#### What to do:
Leave the pictures behind and reproduce every line of the listing exactly.

#### Recorded information:
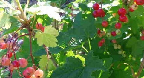 スグリにはたくさんの種類があるようです。友人宅には、カシス(仏語Cassis)、グズベル(Gooseberry)等の数種類があります。カシスは赤く色づき始めています。グズベルは我が家のものの7~8倍もの大きさです。
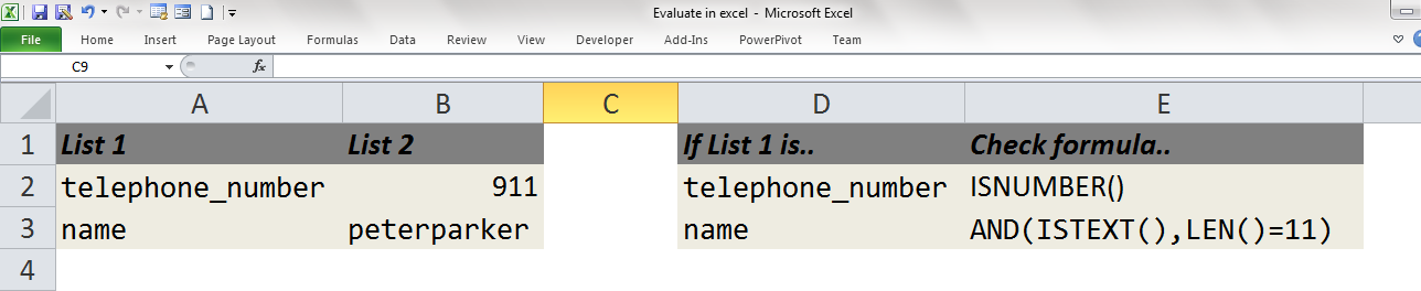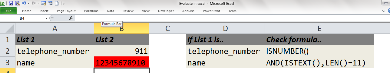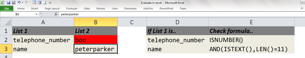 =IF(A1="telephone_number";ISNUMBER(B1);IF(A1="name";LEN(B1)=8;TRUE))这是B1中单元格的示例。您可以选择一个更宽的范围,并结合$,以使您的公式适合所有范围。
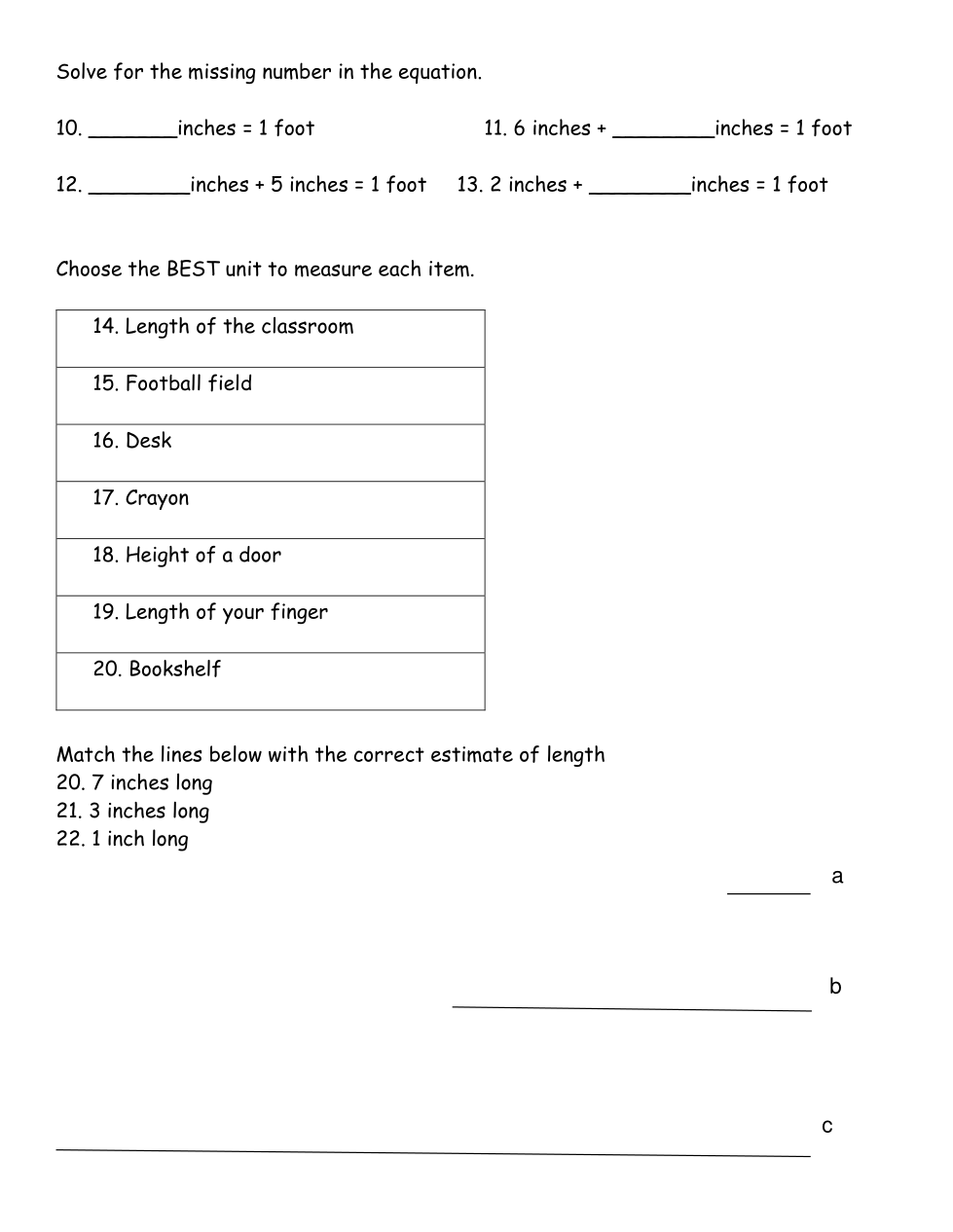 Match the lines below with the correct estimate of length.

#### Response box:
 スグリにはたくさんの種類があるようです。友人宅には、カシス(仏語Cassis)、グズベル(Gooseberry)等の数種類があります。カシスは赤く色づき始めています。グズベルは我が家のものの7~8倍もの大きさです。
 =IF(A1="telephone_number";ISNUMBER(B1);IF(A1="name";LEN(B1)=8;TRUE))这是B1中单元格的示例。您可以选择一个更宽的范围,并结合$,以使您的公式适合所有范围。
 Match the lines below with the correct estimate of length.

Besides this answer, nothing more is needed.